Dit betekent dus – dat was de achtergrond van mijn vraag – dat er door het college van burgemeester en wethouders ook gedelegeerd kan worden aan bijvoorbeeld een bestuurscommissie, waardoor de gemeenteraad als het ware is uitgeschakeld of op afstand is gezet. Dat is wel van belang, want daarmee wordt de beoordeling van de monumentenverordening wel heel sterk verzelfstandigd. Mijn vraag is of de minister daar nog eens naar wil kijken.

Minister Plasterk:

Dat zeg ik toe. Maar volgens mij gaat het nu niet om een verschil van inzicht over wat wenselijk is, maar om een poging om te interpreteren wat er in artikel 165, lid 1 van de Gemeentewet staat. Ik wil de Kamer daar met alle plezier een brief over sturen, maar volgens mij zijn wij het erover eens dat ook de delegatie aan een bestuurscommissie door de wet mogelijk wordt gemaakt.

De heer Dölle (CDA):

Mijn punt is dat wij er niet over hebben kunnen debatteren of dat wenselijk was, omdat wij ervan uitgingen dat dit niet mogelijk was, op basis van de schriftelijke voorbereidingen.

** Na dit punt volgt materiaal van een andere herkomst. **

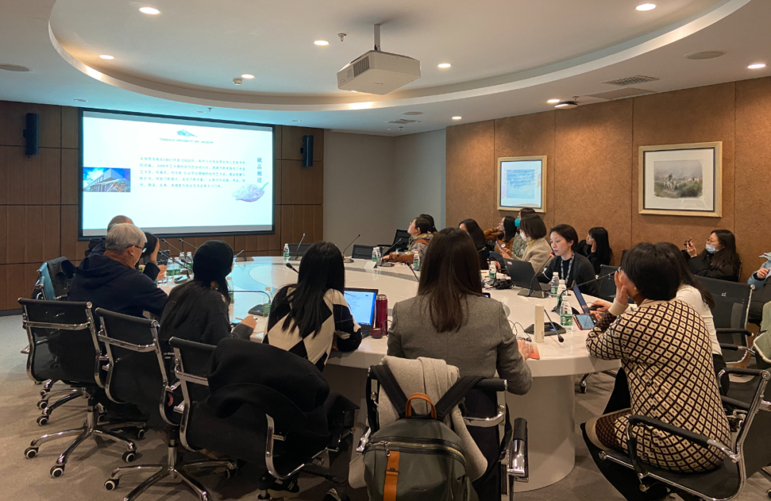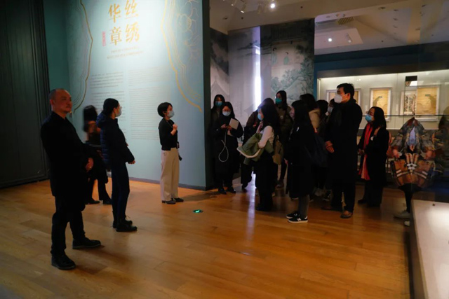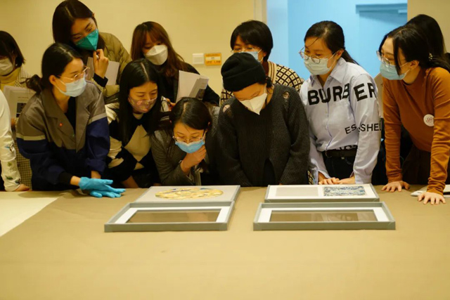 參觀《清華藏珍·絲繡華章》展覽,典藏部倪葭主任、高文靜老師導覽;觀摩藕荷暗花綢地平金繡花卉紋百褶魚鱗裙等藏品共9件/套,高文靜老師、趙豐主任作講解;倪葭主任作題為《清華大學藝術(shù)博物館織繡藏品擷英》的講座;學員們交流各自所在博物館的紡織服飾業(yè)務,學術(shù)研究,策展經(jīng)驗,研修心得等。

Nu blijkt dat het wel kan, zouden wij dus nog een debatje kunnen voeren over de vraag of het wenselijk is dat er gedelegeerd kan worden aan een bestuurscommissie, bijvoorbeeld een monumentencommissie of een andere club.

Minister Plasterk:

Ik wil daar met alle plezier nog een keer naar kijken en de Kamer schriftelijk laten weten wat dit heeft opgeleverd.

De beraadslaging wordt gesloten.

De voorzitter:

Ik dank de minister voor zijn reactie in tweede termijn.

Ik stel vast dat van de kant van de fractie van de ChristenUnie om stemming wordt gevraagd. Dit betekent dat er volgende week over het wetsvoorstel zal worden gestemd, evenals over de ingediende motie.

De vergadering wordt van 19.26 uur tot 19.35 uur geschorst.